Eliot later said that one of his most famous poems, The Waste Land, published in 1922, was the result of his negative state of mind while married to Vivienne. The poem sought to juxtapose beauty and ugliness with monotony and horror.

The Lovesong of J. Alfred Prufrock was the poem that made him famous.  Written in 1910, it was published in 1915 by Poetry magazine.  Composed in the style of the Modernist movement, the poem is written in a stream of consciousness style, allowing the reader into the mind of J. Arthur Prufrock as he searches for love.  The Times Literary Supplement reviewed it in 1917 but did not give it high marks.


Plaque Outside of Firm
Eliot & Farber Staff
In 1925, Eliot joined the publishing firm Faber and Gwyer, which later became Faber and Faber.  In later years he became a director of the firm.  He worked there until his death.


Eliot
Eliot loved living in London, and at the age of 39, became a British citizen. That same year, 1927, he also converted from the Unitarianism religion and entered the Anglican Church of England.  His writing took on a religious bent from this time on.

Eliot was also known for his poems, Gerontion, The Hollow Men, and Ash Wednesday, along with seven plays.  In 1948, he was awarded the Nobel Prize in Literature for what he viewed as his masterpiece, Four Quartets, written in 1943.

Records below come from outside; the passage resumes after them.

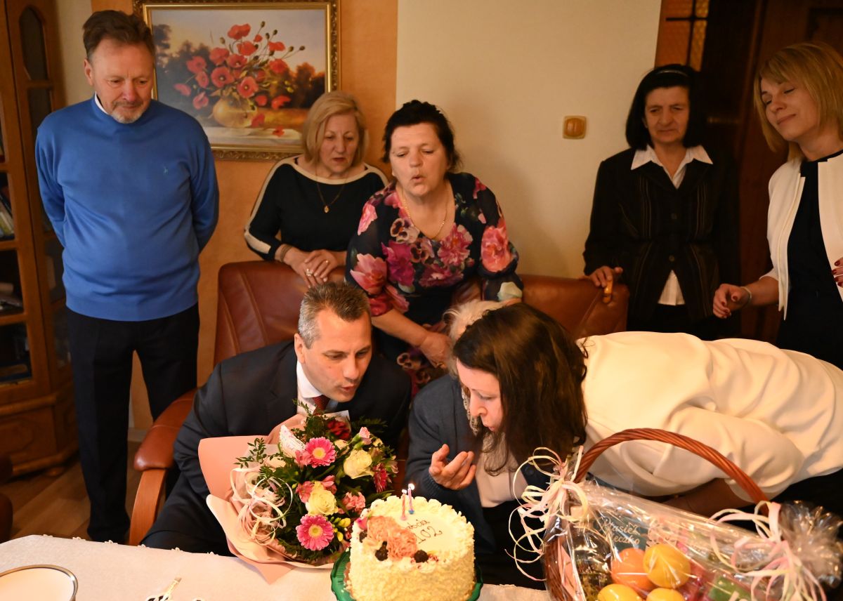 Spotkanie przebiegało w bardzo przyjemnej atmosferze. Pani Maria jak na swój wiek jest w znakomitej wręcz formie. Podczas spotkania Solenizantka była niezwykle wzruszona i szczęśliwa. Tryskała bardzo dobrym humorem.
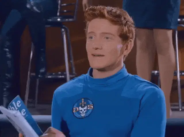 Crong, the green cartoon dinosaur from Pororo, giggles while wearing a blue baseball uniform with number 772.
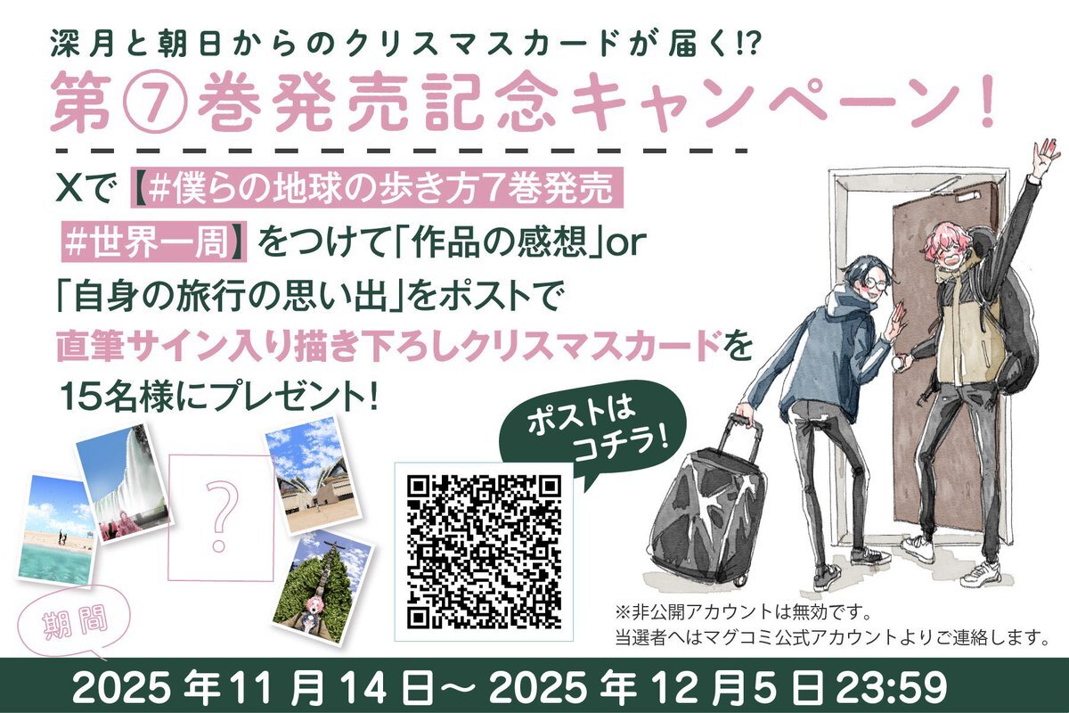 / 「僕らの地球の歩き方」 第7巻発売記念キャンペーン✈️💍 \ 毎回恒例の感想ポストキャンペーン! 今回はクリスマスカード仕様です🎄🌟 (絶対可愛い) ぜひ下記ハッシュタグで 作品の感想や思い出をポストしてください! 皆様のご応募お待ちしております🥰 #僕らの地球の歩き方7巻発売 #世界一周 pic.x.com/FJLkq9W1Bf
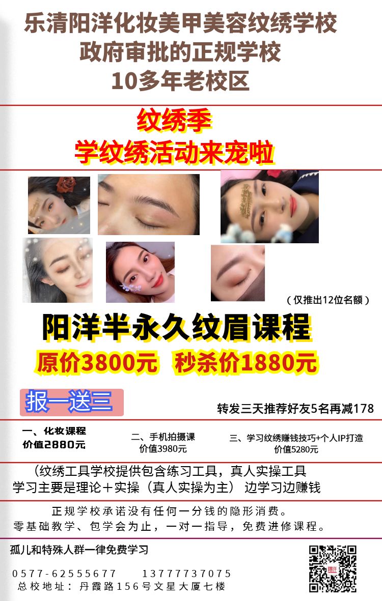 - 樂(lè)清陽(yáng)洋化妝培訓(xùn)學(xué)校喊你來(lái)砸金啦!你還在等什么?

In 1949, King George VI bestowed upon him the Order of Merit, one of England’s highest awards.


Eliot received many other awards including a Tony Award in 1950 for Best Play, The Cocktail Party, the Legion d’Honneur in 1951, the Presidential Medal of Freedom from Lyndon B. Johnson in 1964, and two posthumous Tony Awards, in 1983, for his poems used in the musical Cats.


Eliot and wife Valerie
In January 1957, Eliot married Valerie Fletcher, his private secretary, and finished out his life in a more tranquil, domestic relationship.







Plaque in Church
T.S. Eliot
T.S. Eliot died on January 4, 1965 of emphysema.  He was 76.  Eliot was cremated and his ashes interred in the church at St Michael’s in East Coker, England. East Coker was the village that his ancestors had left to go to America. A plaque hangs on the church wall with a quote from the Four Quartets: “In my beginning is my end. In my end is my beginning."